Genetic diseases of steroid hormone biosynthesis and metabolism; Type 1 diabetes; Type 2 diabetes
Perrin C. White, M.D., Principal Investigator
Dr. White has studied the molecular basis of several genetic diseases of steroid hormone synthesis and metabolism over the years. Some of these diseases affect growth, sexual differentiation or the ability to conserve salt in the blood, whereas others cause high blood pressure. Most recently, he has branched into study of a very large cell-surface molecule that his laboratory discovered serendipitously. It is important for development of the nervous system; mutations in this protein cause seizures, as well as, deafness and progressive blindness (Usher syndrome).

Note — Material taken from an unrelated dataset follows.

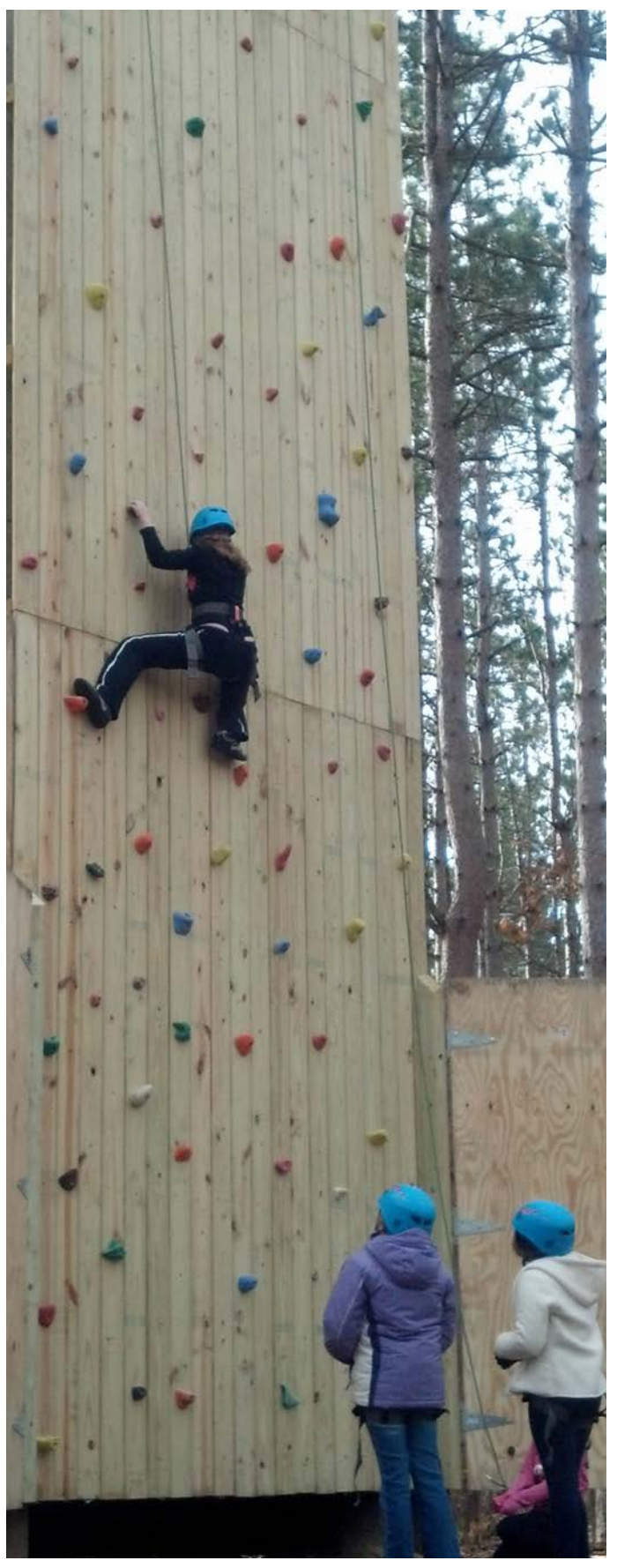
A troop checks out the new climbing wall at Camp Merrie Woode.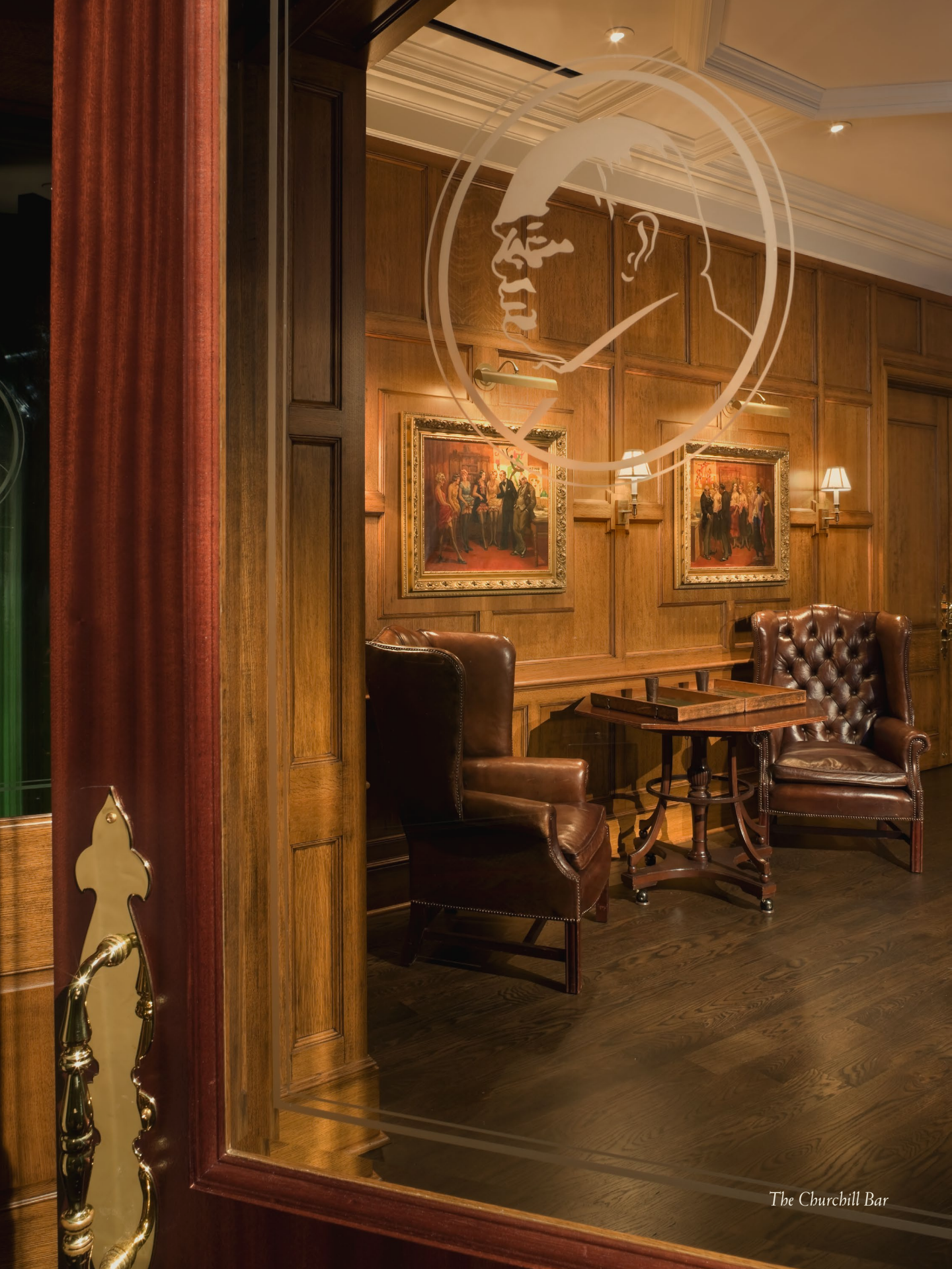
The Churchill Bar

D. Randy McMillian, Ph.D., Assistant Professor
Dr. McMillan's interests involve the role of G protein-coupled receptors (GPCR) in development. He and Dr. White have cloned the gene that codes for the largest known GPCR, the Very Large G protein coupled Receptor 1 (VLGR1). Presently, he is involved in characterizing the function of VLGR1 to determine its role in development of the mammalian central nervous system.
Daniela C. Rogoff, M.D., Ph.D., Postdoctoral Researcher
Dr. Rogoff was trained in Buenos Aires, Argentina. During her residency she became interested in adrenal disorders and focused her research on this subject. She began working in Dr. White's laboratory in September 2005. Her current project involves the study of the effect of specific cofactors in glucocorticoid action.